◆ **About this exercise**: Write the listing out again word for word. Pictures do not belong in the copy.

◆ **Given information**:
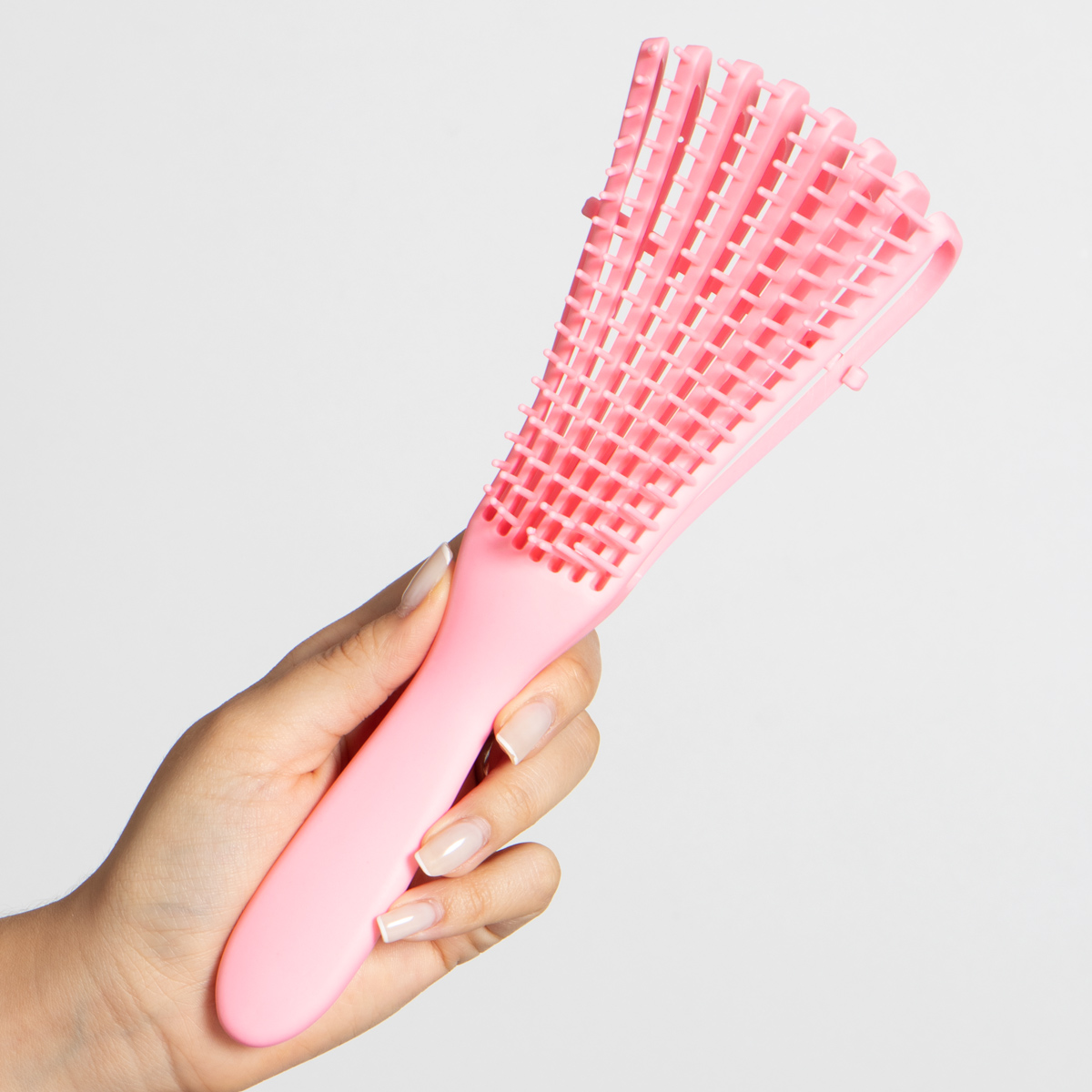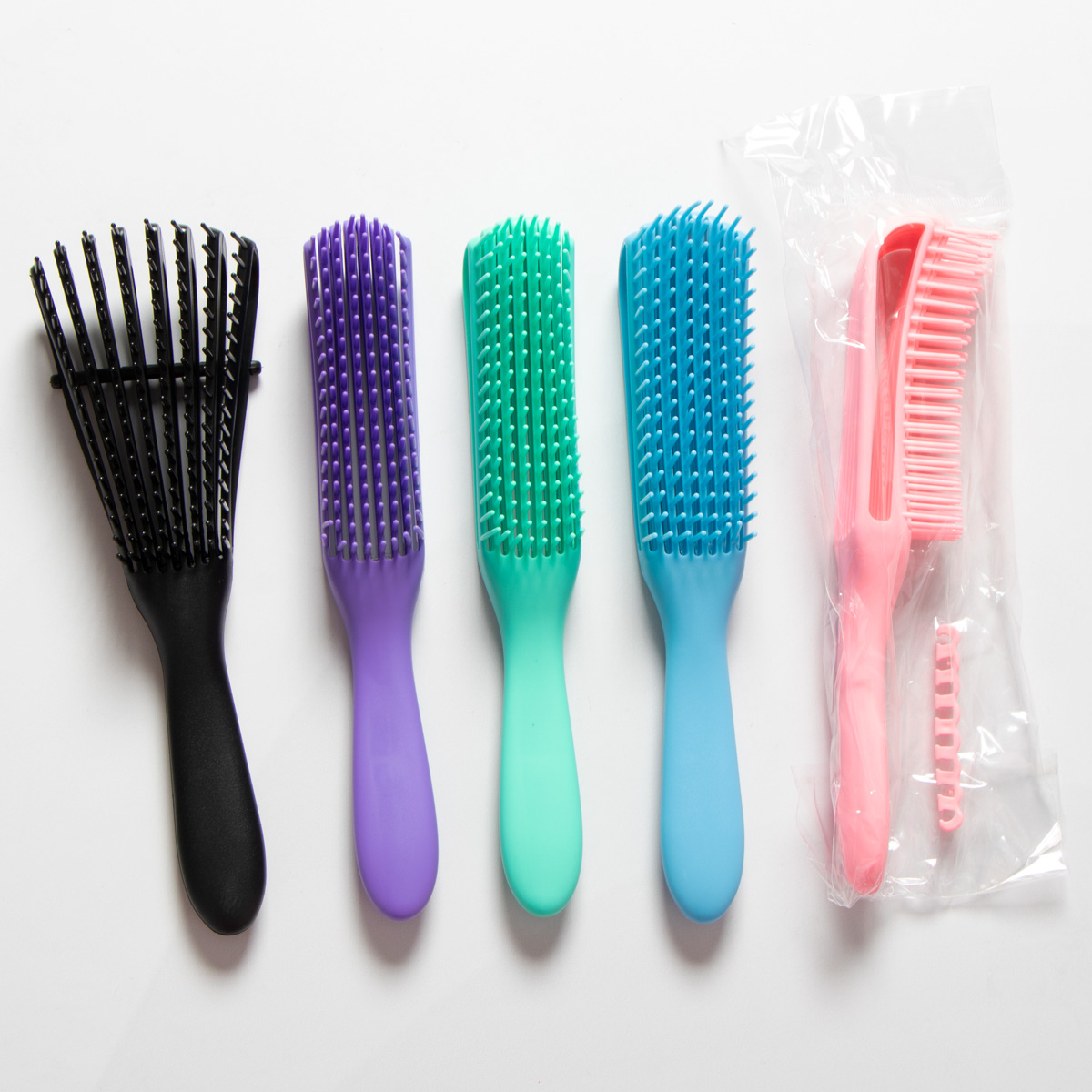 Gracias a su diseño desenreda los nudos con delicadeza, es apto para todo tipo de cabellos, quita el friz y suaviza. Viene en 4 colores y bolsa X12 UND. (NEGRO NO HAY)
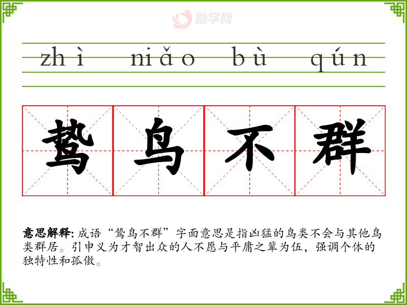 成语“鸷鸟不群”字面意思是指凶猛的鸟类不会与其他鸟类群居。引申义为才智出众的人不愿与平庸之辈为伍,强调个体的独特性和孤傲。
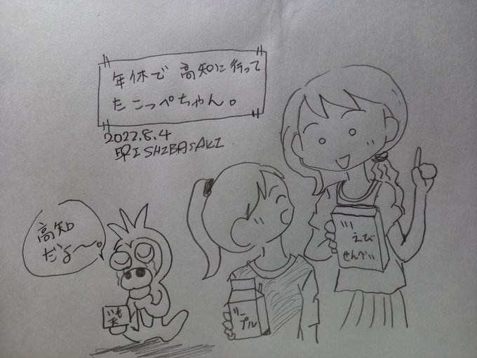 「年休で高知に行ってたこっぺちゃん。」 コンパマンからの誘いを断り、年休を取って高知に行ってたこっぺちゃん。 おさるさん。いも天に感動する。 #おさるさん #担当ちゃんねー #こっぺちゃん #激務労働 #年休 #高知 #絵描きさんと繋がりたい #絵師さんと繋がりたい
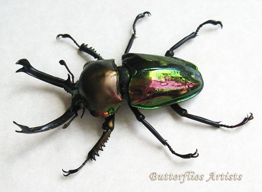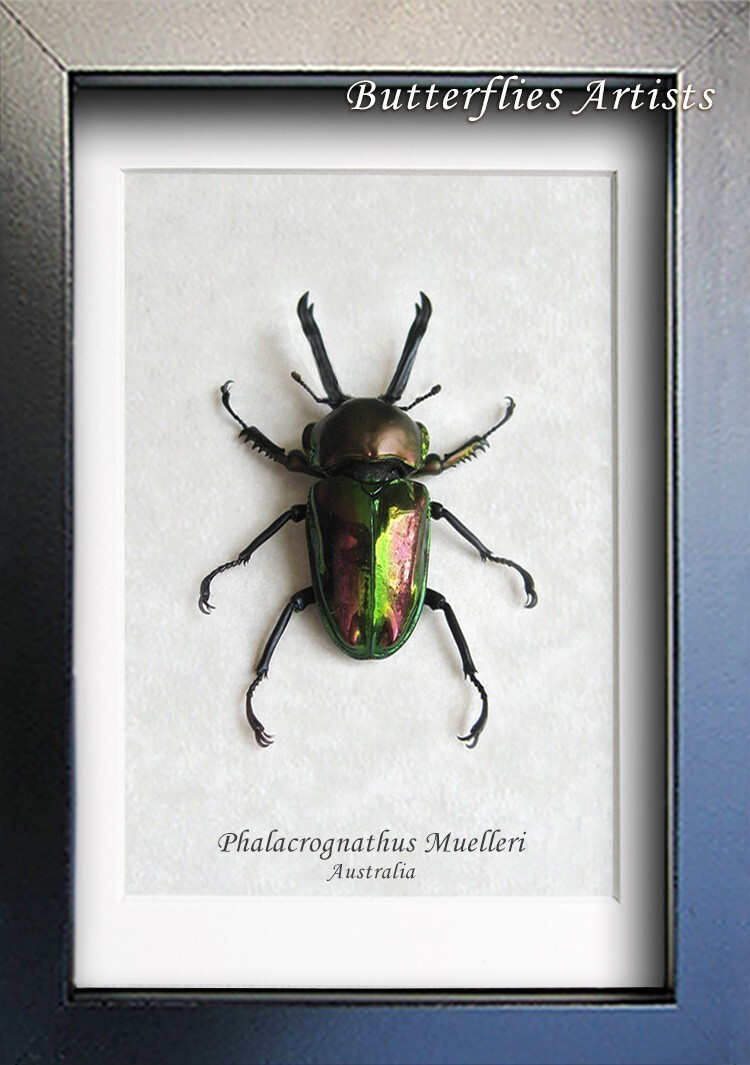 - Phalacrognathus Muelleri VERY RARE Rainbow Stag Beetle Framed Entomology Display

◆ **Completed exercise**:
 Gracias a su diseño desenreda los nudos con delicadeza, es apto para todo tipo de cabellos, quita el friz y suaviza. Viene en 4 colores y bolsa X12 UND. (NEGRO NO HAY)
 成语“鸷鸟不群”字面意思是指凶猛的鸟类不会与其他鸟类群居。引申义为才智出众的人不愿与平庸之辈为伍,强调个体的独特性和孤傲。
 「年休で高知に行ってたこっぺちゃん。」 コンパマンからの誘いを断り、年休を取って高知に行ってたこっぺちゃん。 おさるさん。いも天に感動する。 #おさるさん #担当ちゃんねー #こっぺちゃん #激務労働 #年休 #高知 #絵描きさんと繋がりたい #絵師さんと繋がりたい
 - Phalacrognathus Muelleri VERY RARE Rainbow Stag Beetle Framed Entomology Display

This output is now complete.